Let me start off on a tangent here for a second. Yesterday I had to get 3 fillings at the dentist to seal some sensitive areas at my gumline. Hey, at least they weren’t cavities. Yeah, whatever, they were still fillings and involved drilling. Fun. So anyway, why do dentists try to make small talk as they’re preparing you for this oral nightmare? I mean really – I’m sitting in the chair, one quarter of my face is numb from the giant Novocaine shots, I can’t move my lips properly to actually form words anymore, and you want to know what my plans are for the rest of the summer? Come on. I’m trying to psyche myself up for the fact that you’re about to drill holes. In my head. Let’s cut the chitter chatter and get this over with. Now don’t get me wrong, I really like my dentist’s office. The girls who work there are awesome, my dentist himself is really good, and if I’m just in for a routine cleaning? Fine, I’ll shoot the shit all day long. But when I have to get needles and drills shoved into my mouth, please don’t waste any time and prolong the torture. Ok, that’s all. And now back to our regularly scheduled posting.
I knew there was a reason I don’t like to read the news that often. Take a look at some of these recent headlines. And they all appeared on the same front page of a national news website. I didn’t even have to do any scrolling or anything!
“Norway hunts answers after massacre”
“Landslide kills 32 in South Korea”
“Gulf storm could become cyclone”
“U.S. Olympic skier kills himself”
“Why was skeleton in bank chimney?”
“Amy Winehouse’s final days”
“Teen bride talks sex with husband, 51”
“Actress: I got compliments for looking emaciated”
And over here we have some lovely ones from a local news site:
“One acquittal, one conviction for man in execution-style murders”
“City records fifth unsafe sleeping death of infant”
“Suspects in custody after armed robbery, exchange of gunfire with Milwaukee Police”
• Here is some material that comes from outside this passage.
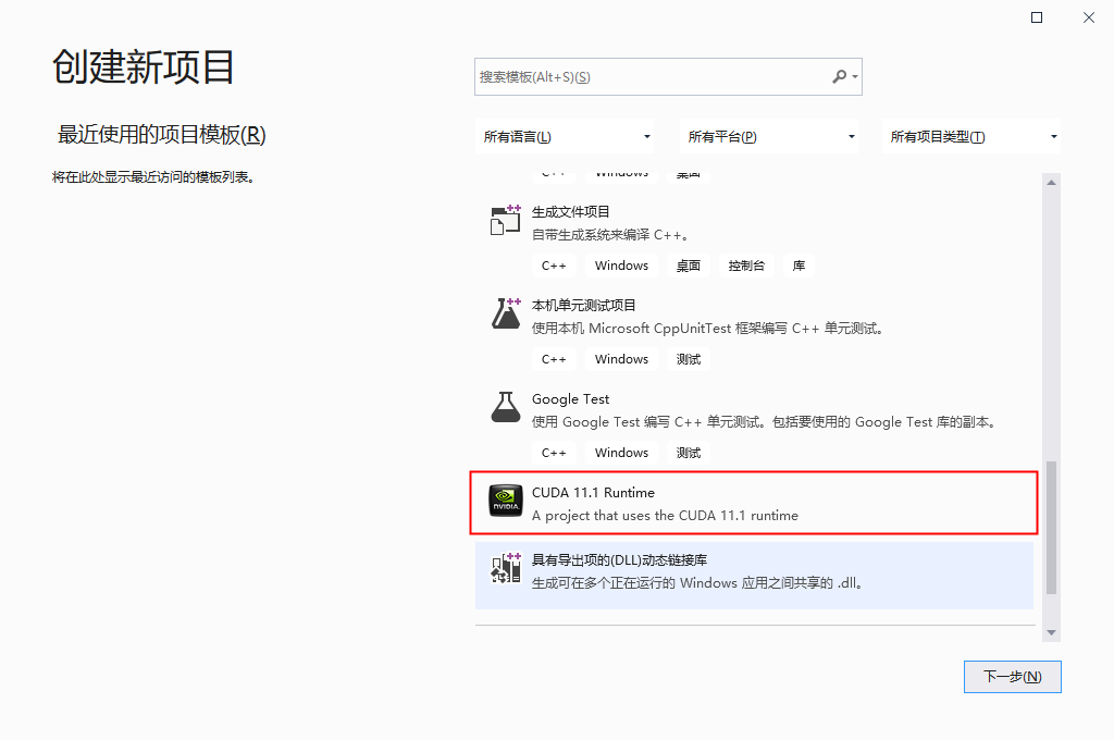 安装完后,打开VS,将添加类似 CUDA 11.1 Runtime 这样的选项

“Sheboygan teen charged with assaulting 7-year-old” (ok, well, that is from sheboygan)
“1 dead, 1 missing after boat accident in Minnesota”
And my personal favorite:
“Woman sues man for her herpes, seeks $350,000”
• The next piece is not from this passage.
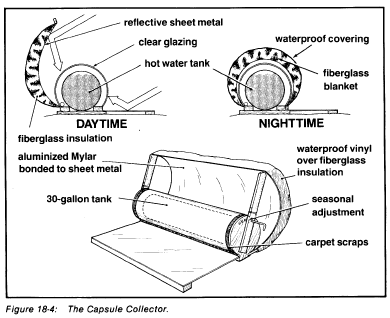 The fiberglass blanket in this design is attached to a curved sheet of galvanized steel that reflects sunlight onto the tank (see Figure 18-4). Aluminized Mylar is glued to this galvanized sheet to increase its reflective properties. Hinged 2-by-4s at each end of the tank hold the reflector in position and guide it as it closes. These arms are shifted seasonally to adjust the tilt of the reflector to winter and summer sun angles. A waterproof vinyl fabric covers the insulation on the outside. Carpet scraps are glued along each end and the bottom of the tank to make a tight seal when the cover is closed.

No, I promise I did not make that last one up either. I can send you the link if you really want it. But seriously, what a grim state of affairs in which to be living. Not to mention all the debt ceiling bullshit that’s going on in Washington right now too. Where’s the good news? Is there even any to report? Is there nothing out there to uplift our spirits, or are we stuck with political battles, natural disasters, death, and STDs?
Maybe we can just hightail it outta here and set up shop somewhere new. One of the outer planets, maybe? Who’s in? I’ve got an aerobed and a bag of marshmallows for roasting. Jumbo size ones, too!
i’m in. i need a break from “reality”.